Standardisation and intelligent querying for chemical biology screening experiments
On Thursday, 8th March, I visited the Center for Computational Science at the University of Miami. Note, not computer science but computational science: the center is a broad-ranging interdisciplinary think-tank for projects that need to use innovative computing in order to tackle challenging questions at the frontiers of research in the life sciences, social sciences, physical sciences, and other fields. The center brings together interdisciplinary teams of experienced computer scientists, domain science researchers and software engineers to create computational solutions and new methods.
Being there only for one day meant that I didn't get to enjoy the Miami beaches as I would have liked, but did enjoy some good views of Miami downtown and the fresh sea breeze from the hotel. The reason for the visit was to learn more about the BioAssay Ontology being developed by an interdisciplinary team headed by Dr Stephan Schürer.
The BioAssay Ontology (BAO) was developed to address the standardisation of assay descriptions in the PubChem BioAssay database. Bioassays in PubChem are deposited by screening centers performing high-throughput and high-content screening experiments across a wide variety of scientific topics, technology platforms and experimental design strategies. For various reasons having to do with historical legacy, the description of the assay experimentsin PubChem was largely free text, meaning that similar experiments were frequently described differently and that it was near to impossible to compare and aggregate results across experiments originating from different screening centers where different methodologies and standards may be internally applicable.

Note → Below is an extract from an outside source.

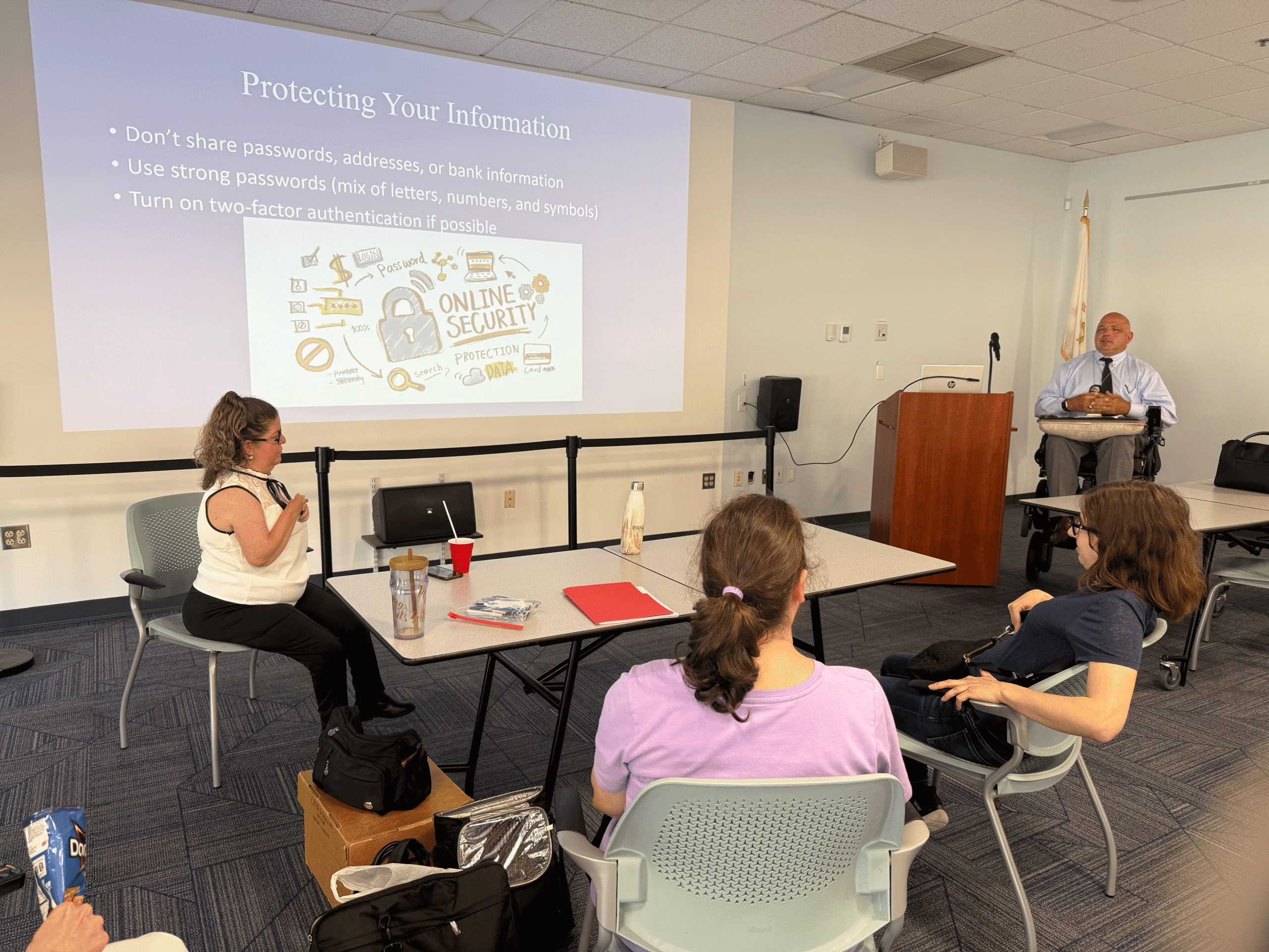 The conversation then turned to online safety, where nearly everyone had a story to share. Topics included recognizing scams and phishing attempts, managing cyberbullying and harassment, and avoiding sharing personal information. The presentation’s key takeaways:

BAO provides standardised terminology for all aspects of chemical biology screening experiment description organised into a hierarchy and supplemented by OWL axioms to encode additional semantics and to allow for more advanced automated reasoning across assays annotated to BAO. It is therefore a prime candidate for adoption within the EU-OPENSCREEN project. The challenges faced by EU-OPENSCREEN will be similar -- aggregation and comparison of results between experiments originating in different screening centers -- but given the pan-European nature of the project and required infrastructure, ontology-backed standardisation will be an essential component from the very beginning of the project in order to elegantly deal with the issues arising from different national languages and local or national operational paradigms and constraints.
However, I had some concerns with an earlier version of BAO that was presented at ICBO 2011. One concern was that the classification hierarchy allowed incorrect inferences to be made. For example, they had 'small molecule' classified as subClassOf 'perturbagen'. This means that all small molecules are perturbagens. Now, I am pretty sure I can think of some very inert small molecules that certainly do not perturb any biological systems (diamonds?). Other concerns were the lack of alignment to upper level ontologies and some other OBO ontologies such as OBI. However, I was delighted to discover that the new version of BAO, 2.0, currently under development, includes extensive refactoring and alignment to BFO. In the new version, small molecules that are active in experiments are much more sensibly encoded as 'small molecule' and has_role some 'perturbagen role'. BAO 2.0 has not been released yet, but will be soon. Other updates that we enjoyed during the day-long workshop included a sneak preview of new developments in the intelligent ontology-based search interface BAOSearch and a fascinating presentation of an ongoing interdisciplinary project to discover agents that are able to stimulate neuronal regeneration as treatments for spinal cord injuries, where novel forms of high-content image-based screening technology are being developed as a core component of the scientific methodology.
The new version of BAO is therefore the leading contender for adoption in the EU-OPENSCREEN project for standardisation of assay descriptions in the a centralised EU-wide chemical biology database, meaning that European and US-based chemical biology assays will be automatically integrated and scientists will be able to compare and contrast results across a rapidly widening collection of openly available experiments with an increasingly global perspective.